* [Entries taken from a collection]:
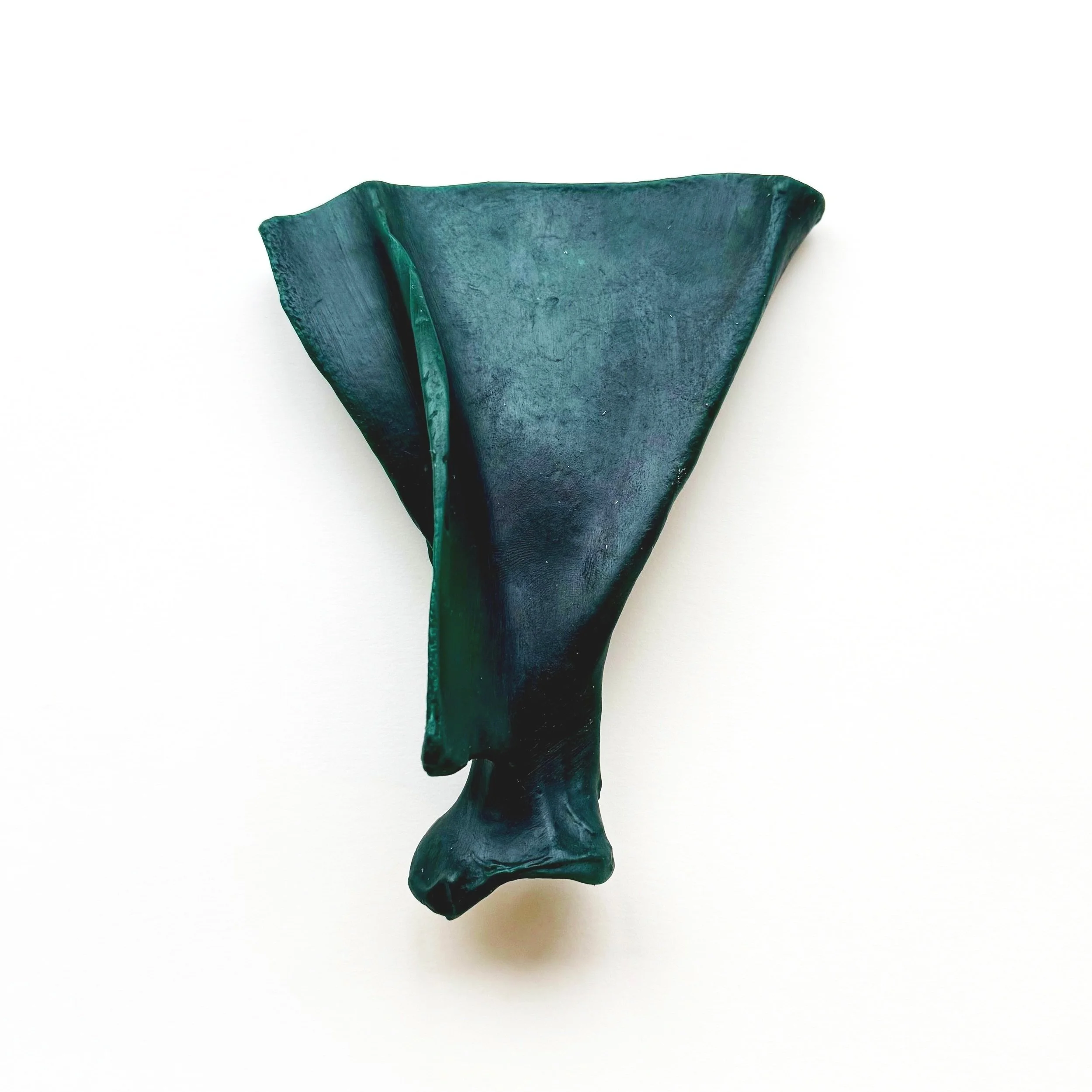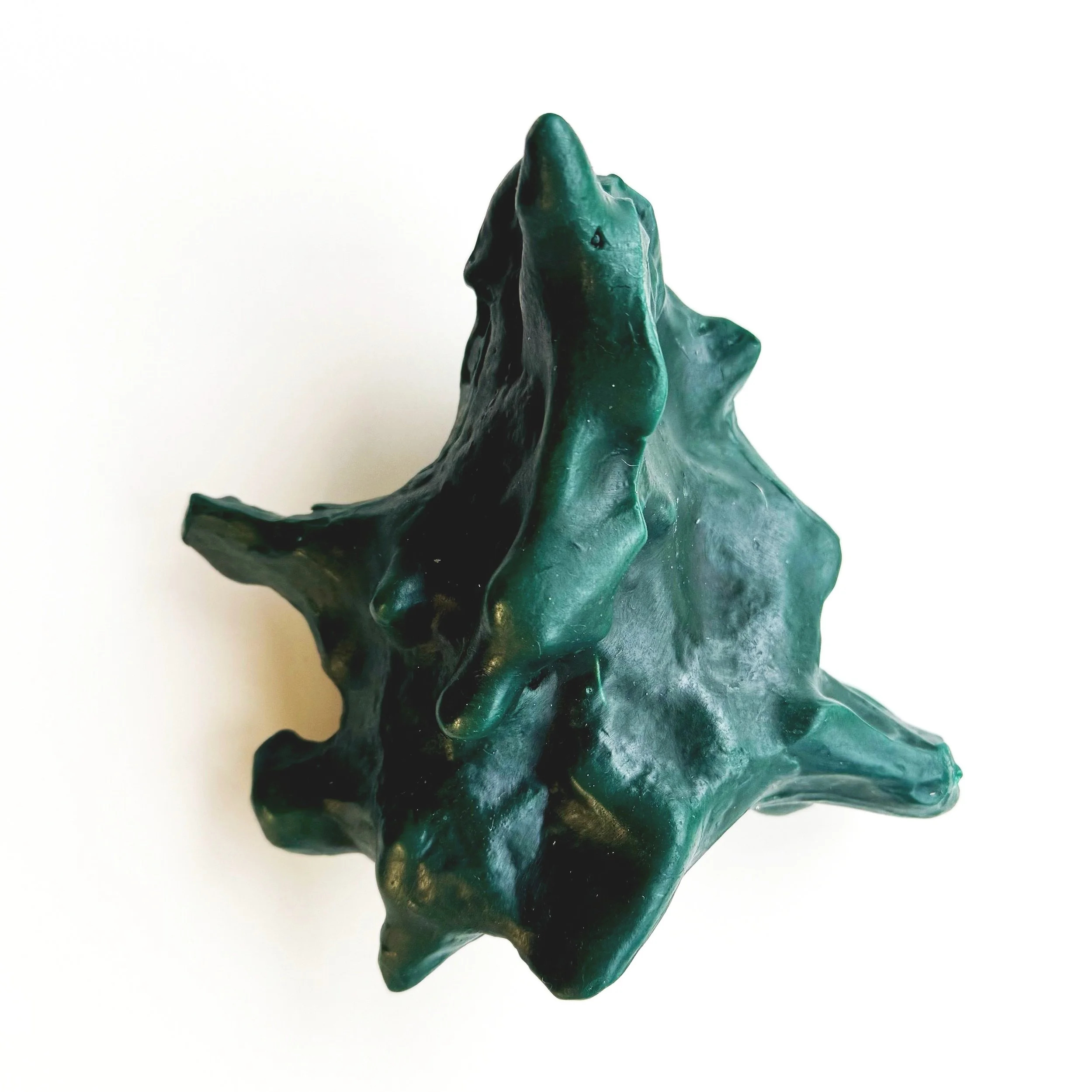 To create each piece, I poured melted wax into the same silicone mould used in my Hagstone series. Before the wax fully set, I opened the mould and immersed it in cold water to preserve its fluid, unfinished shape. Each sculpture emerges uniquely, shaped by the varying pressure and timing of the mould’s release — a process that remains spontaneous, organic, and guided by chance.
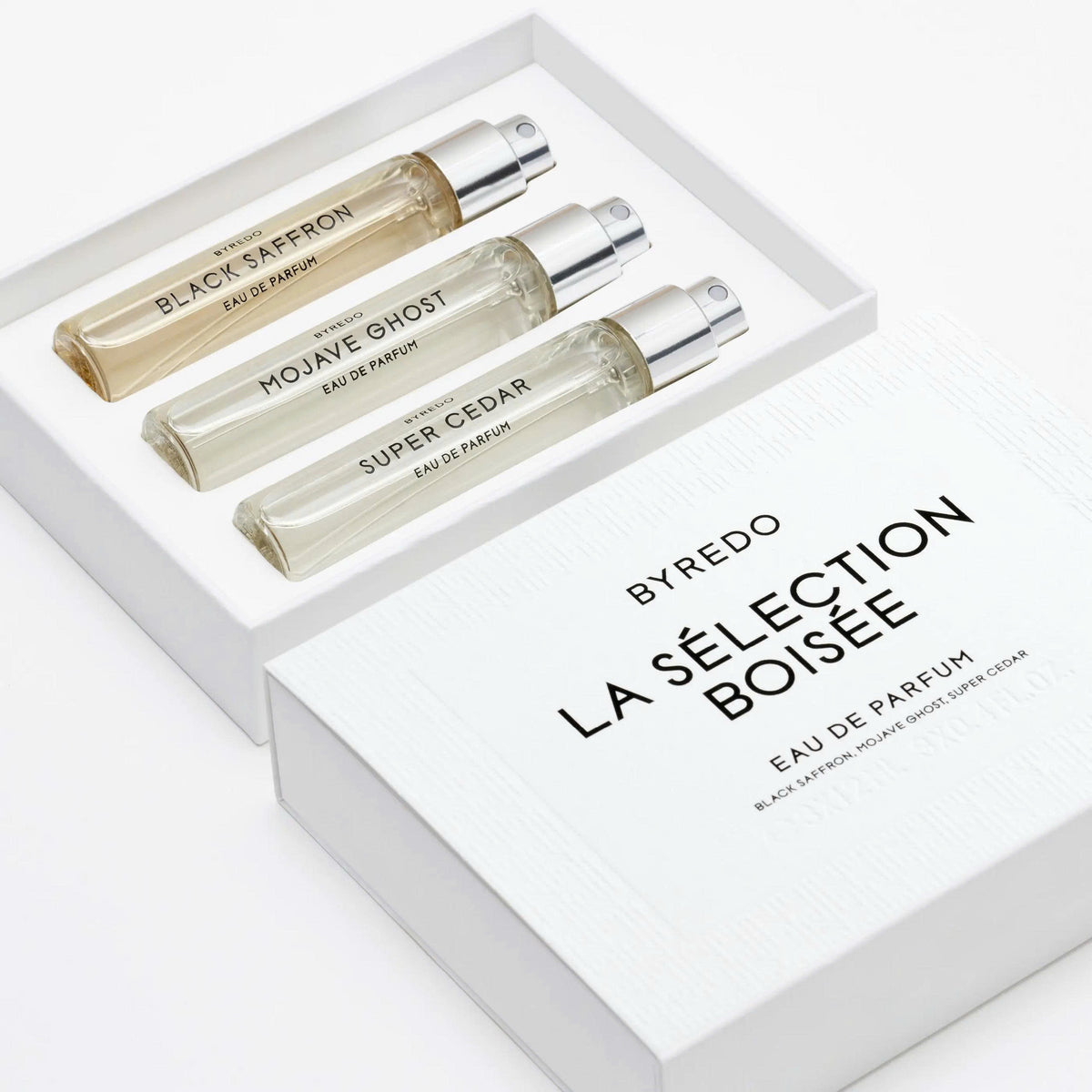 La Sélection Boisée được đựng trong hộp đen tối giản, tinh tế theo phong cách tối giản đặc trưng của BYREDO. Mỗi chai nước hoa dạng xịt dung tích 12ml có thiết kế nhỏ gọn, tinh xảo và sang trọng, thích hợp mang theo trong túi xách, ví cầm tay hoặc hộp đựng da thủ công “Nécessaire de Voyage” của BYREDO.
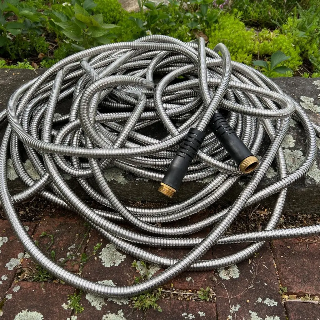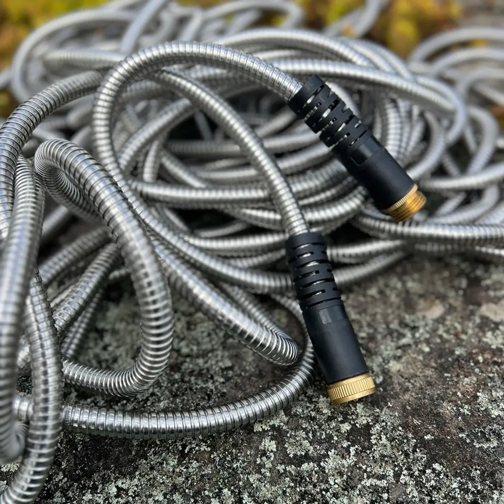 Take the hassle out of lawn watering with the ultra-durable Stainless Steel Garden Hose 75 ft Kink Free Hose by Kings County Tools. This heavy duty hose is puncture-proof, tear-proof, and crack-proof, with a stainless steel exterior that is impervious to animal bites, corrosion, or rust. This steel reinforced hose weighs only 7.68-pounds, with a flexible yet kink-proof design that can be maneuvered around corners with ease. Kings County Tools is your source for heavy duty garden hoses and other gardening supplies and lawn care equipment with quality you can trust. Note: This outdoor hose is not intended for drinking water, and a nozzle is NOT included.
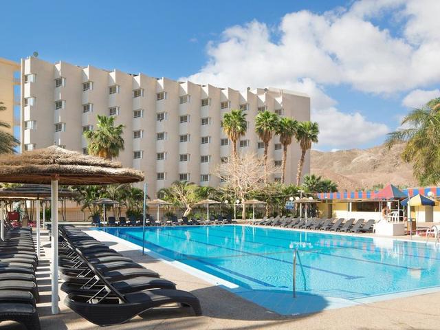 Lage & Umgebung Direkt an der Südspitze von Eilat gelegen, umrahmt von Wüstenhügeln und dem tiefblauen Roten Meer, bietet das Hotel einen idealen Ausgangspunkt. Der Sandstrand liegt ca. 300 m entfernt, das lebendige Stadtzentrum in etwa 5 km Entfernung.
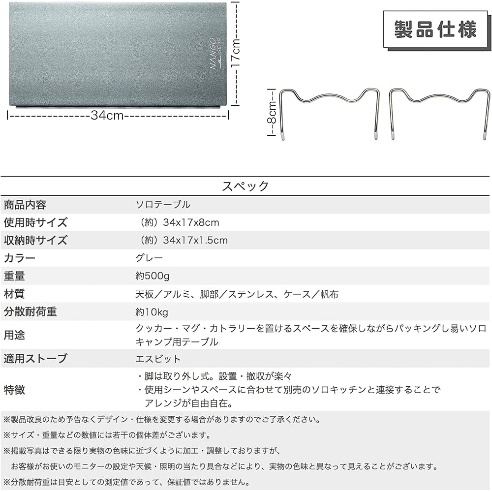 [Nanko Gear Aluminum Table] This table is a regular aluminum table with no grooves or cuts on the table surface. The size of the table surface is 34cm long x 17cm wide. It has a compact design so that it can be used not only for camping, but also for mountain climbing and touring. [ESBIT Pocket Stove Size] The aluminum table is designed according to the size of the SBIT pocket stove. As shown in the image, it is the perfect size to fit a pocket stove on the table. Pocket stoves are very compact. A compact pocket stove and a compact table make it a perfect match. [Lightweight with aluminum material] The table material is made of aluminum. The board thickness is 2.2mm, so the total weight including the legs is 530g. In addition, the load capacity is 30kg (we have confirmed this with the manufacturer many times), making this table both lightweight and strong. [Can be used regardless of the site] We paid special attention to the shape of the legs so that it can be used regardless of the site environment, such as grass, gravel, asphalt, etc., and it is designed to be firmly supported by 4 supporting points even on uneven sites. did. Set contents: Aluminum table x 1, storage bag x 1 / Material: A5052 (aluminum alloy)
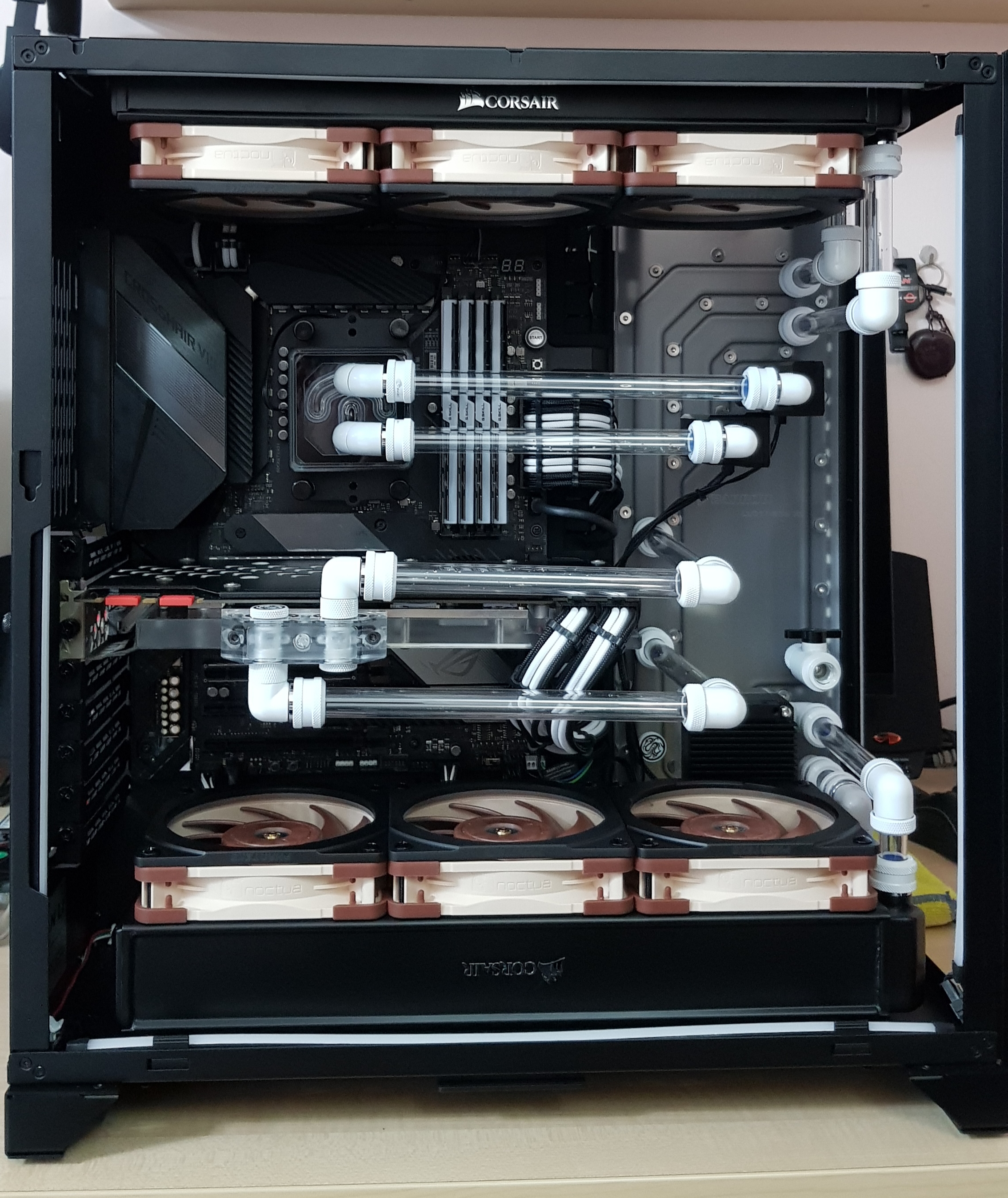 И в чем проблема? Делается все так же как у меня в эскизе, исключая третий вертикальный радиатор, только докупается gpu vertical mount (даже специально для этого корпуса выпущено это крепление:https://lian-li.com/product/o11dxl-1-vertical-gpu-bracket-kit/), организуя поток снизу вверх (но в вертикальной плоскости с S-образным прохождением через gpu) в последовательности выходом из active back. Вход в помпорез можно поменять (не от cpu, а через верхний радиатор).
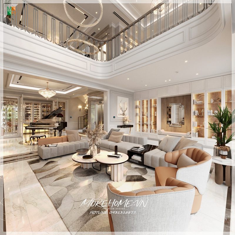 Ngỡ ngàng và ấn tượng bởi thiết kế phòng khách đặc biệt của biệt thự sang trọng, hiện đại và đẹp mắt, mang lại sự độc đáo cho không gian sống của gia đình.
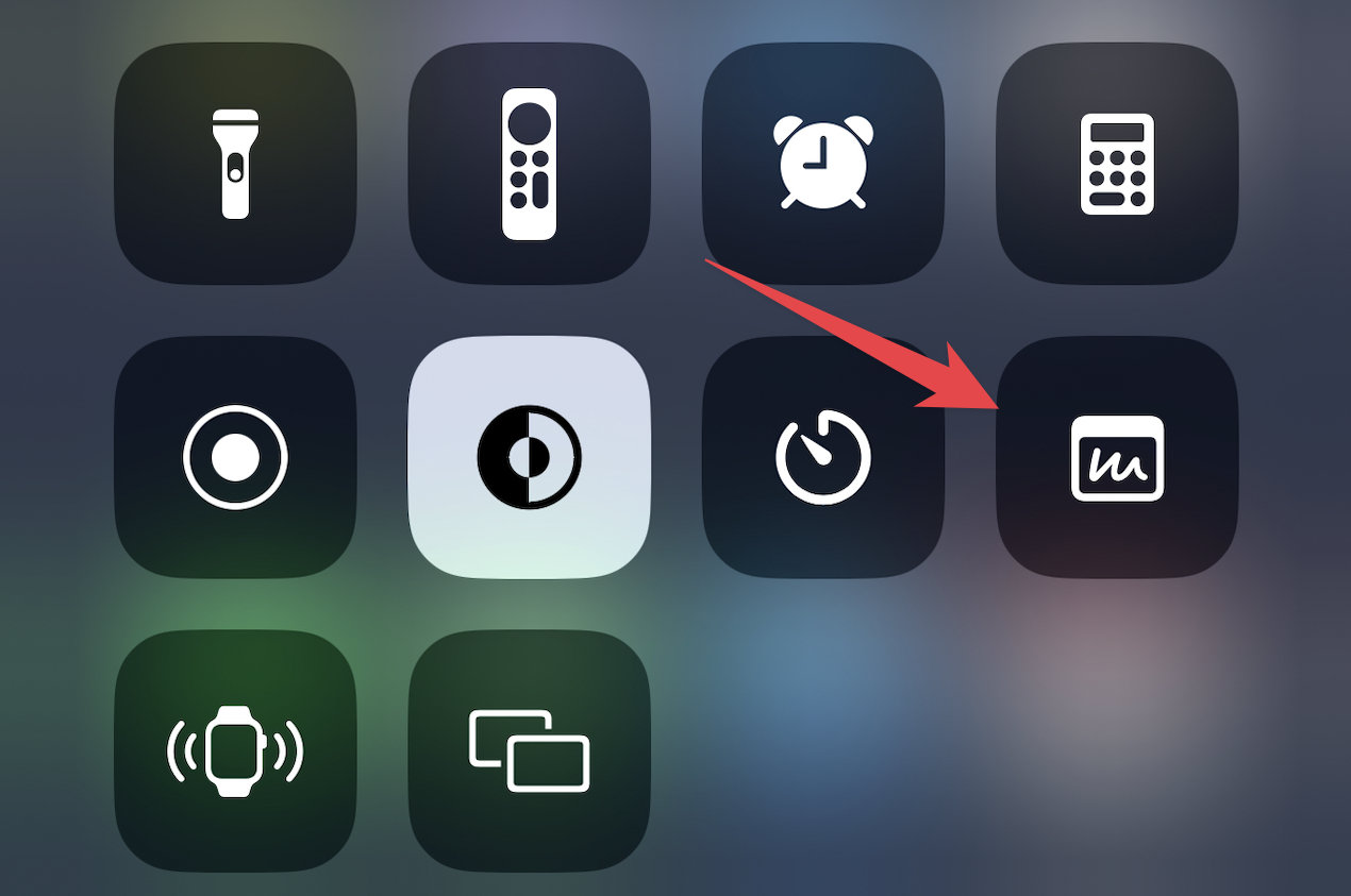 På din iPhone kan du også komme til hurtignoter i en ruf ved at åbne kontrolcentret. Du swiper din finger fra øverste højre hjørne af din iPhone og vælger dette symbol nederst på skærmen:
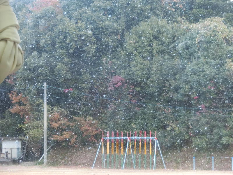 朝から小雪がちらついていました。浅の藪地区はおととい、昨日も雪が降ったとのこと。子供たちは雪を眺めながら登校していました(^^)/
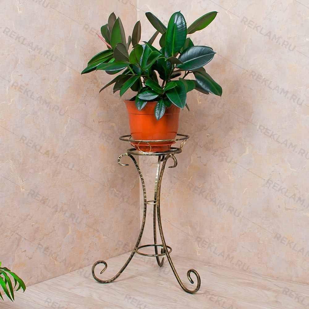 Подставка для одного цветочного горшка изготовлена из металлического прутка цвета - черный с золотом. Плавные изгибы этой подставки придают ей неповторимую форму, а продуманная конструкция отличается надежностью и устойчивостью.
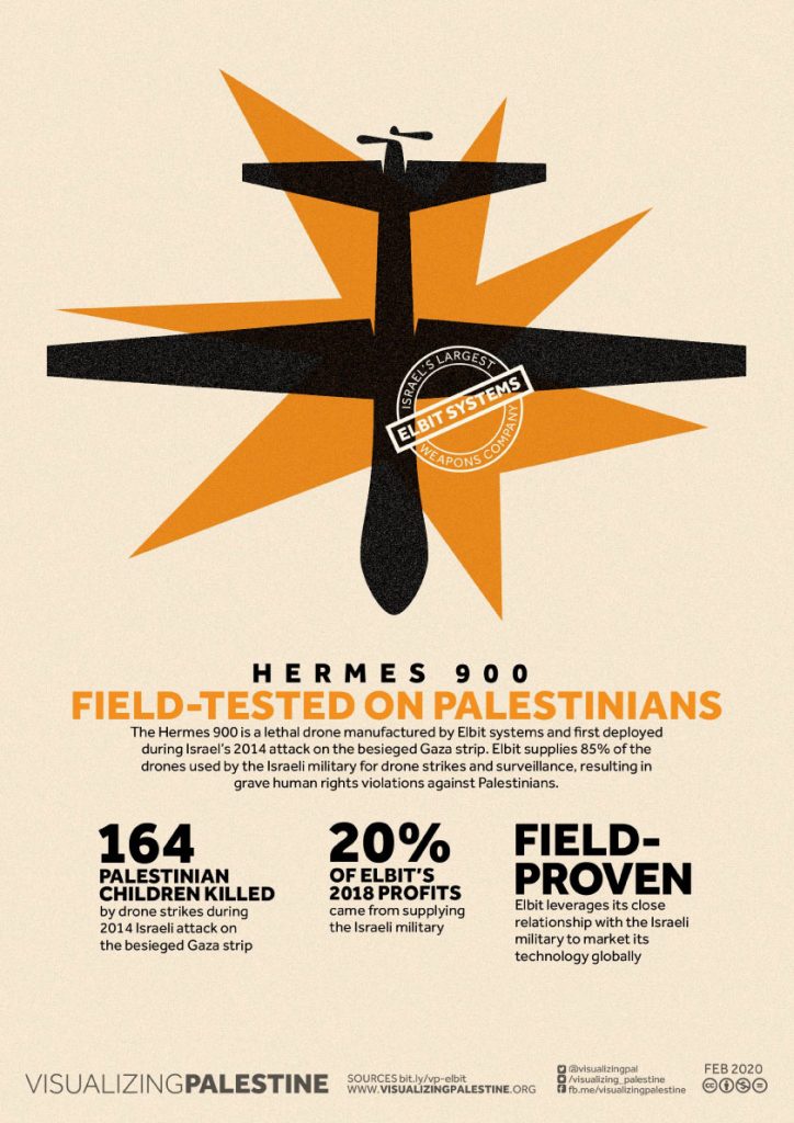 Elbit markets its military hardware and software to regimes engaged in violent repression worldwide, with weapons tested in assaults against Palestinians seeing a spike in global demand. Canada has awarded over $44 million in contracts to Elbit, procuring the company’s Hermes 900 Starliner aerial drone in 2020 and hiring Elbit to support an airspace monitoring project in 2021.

* [INSTRUCTIONS TO FOLLOW]: Each line from the one containing "Подставка для одного" through the last line of the data should be written out exactly. Skip the pictures, and add no other lines.

* [REPLY TO THE EXERCISE]:
 Подставка для одного цветочного горшка изготовлена из металлического прутка цвета - черный с золотом. Плавные изгибы этой подставки придают ей неповторимую форму, а продуманная конструкция отличается надежностью и устойчивостью.
 Elbit markets its military hardware and software to regimes engaged in violent repression worldwide, with weapons tested in assaults against Palestinians seeing a spike in global demand. Canada has awarded over $44 million in contracts to Elbit, procuring the company’s Hermes 900 Starliner aerial drone in 2020 and hiring Elbit to support an airspace monitoring project in 2021.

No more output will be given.